12 out of the 27 populations or species of cetaceans, including sea turtles, found in British Columbia are listed as “At Risk” by Canada’s Species at Risk Act.
In the hopes of promoting a safer co-existence between humans and nature, a new marine guide has been created.
The “Mariner’s Guide to Whales, Dolphins and Porpoises of Western Canada” highlights potential vessel impacts on cetaceans.
Executive Director of Orca Relief Citizens’ Alliance and former Special Agent-in-Charge at the U.S. Environmental Protection Agency Scott West says voluntary guidelines such as this only reach so far.
“Voluntary guidelines only work for individuals already committed to protecting cetaceans. Individuals with other priorities need enforced regulations.”
The mariner’s guide focuses specifically on vessel strikes, disturbance, underwater noise and pollution.
It says, studies have shown that ships over 80 metres long, travelling faster than 14 knots are more likely to kill cetaceans than those below 10 knots.
West says some cetaceans like orcas, are more negatively affected by underwater noise than others.
He adds, large vessels are generally “detrimental” to cetaceans.
“Large whales suffer from impacts with ships and many die.

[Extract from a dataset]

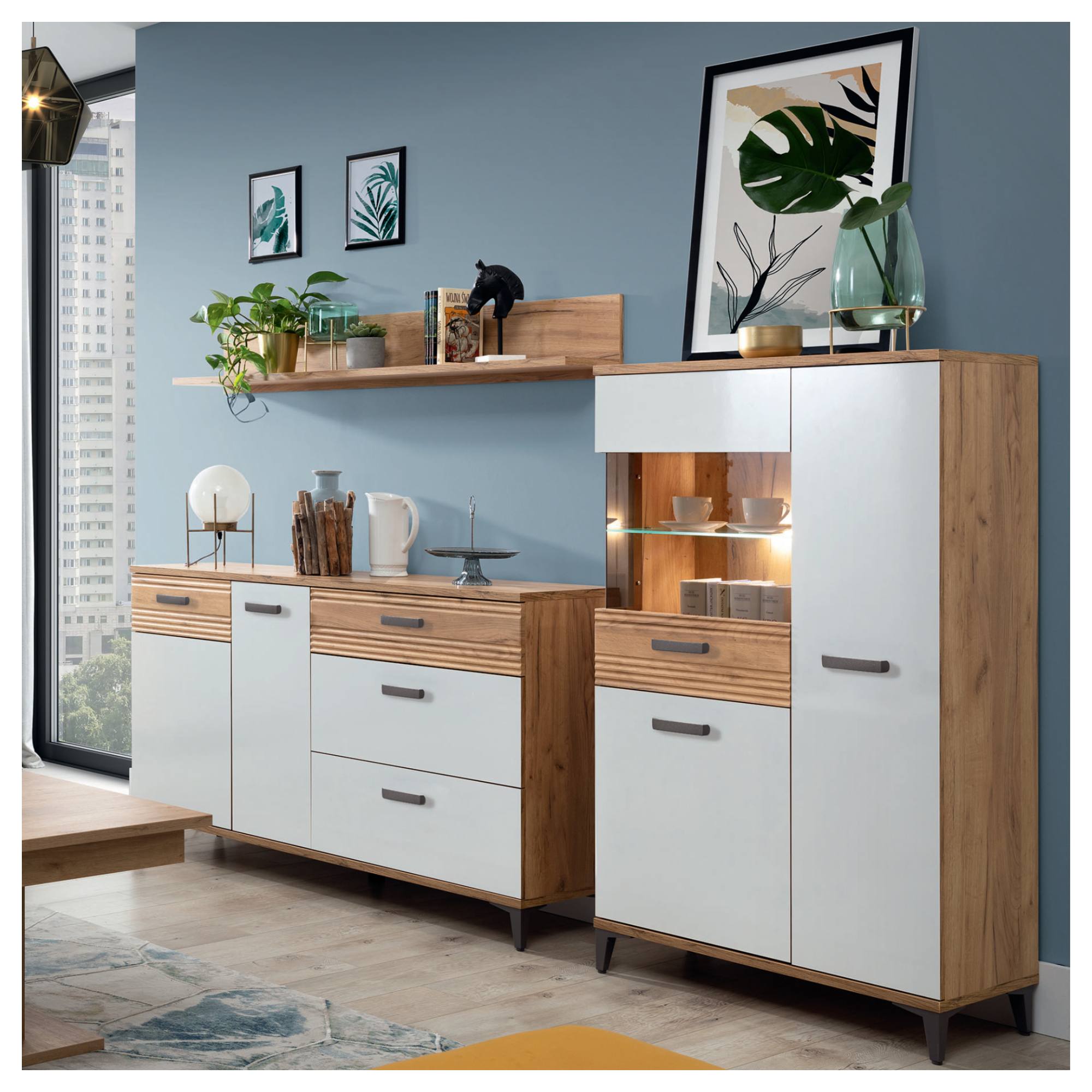 Vitrína DARCY SB6 - zlatý remeselný dub/alpská biela lesklá

All cetaceans are acoustic animals and vessel noise masks their ability to navigate, communicate, and forage.”
In order to reduce the risk of vessel-cetacean collisions and disturbances, the mariner’s guide suggests a five step strategy.
As cited in the guide, vessel collisions are a recognized cause of cetacean death.
From 2004-2011, 30 incidents categorized as “definite” or “probable” were reported to the B.C. Marine Mammal Response Network hotline and investigated by Fisheries and Oceans Canada.
Created by the Vancouver Aquarium’s Coastal Ocean Research Institute in partnership with the Vancouver Fraser and Prince Rupert Port Authorities, the guide compiles data from the marine transportation industry.
In order to reduce the cases of human-induced harm, West says government should “step in to adopt and enforce regulations” such as Water Protection Zones.
“Realistic approaches could consist of establishing protected areas or monitoring established shipping lanes and re-route them away from common or critical whale habitat.”
The mariner’s handbook falls on the heels of Prime Minister Justin Trudeau’s announcement of Transport Canada’s Oceans Protection Plan in November of 2016 and slightly preceeds Fisheries and Oceans Canada’s announcement of the Pacific North Coast Integrated Management Area Plan in February of 2017.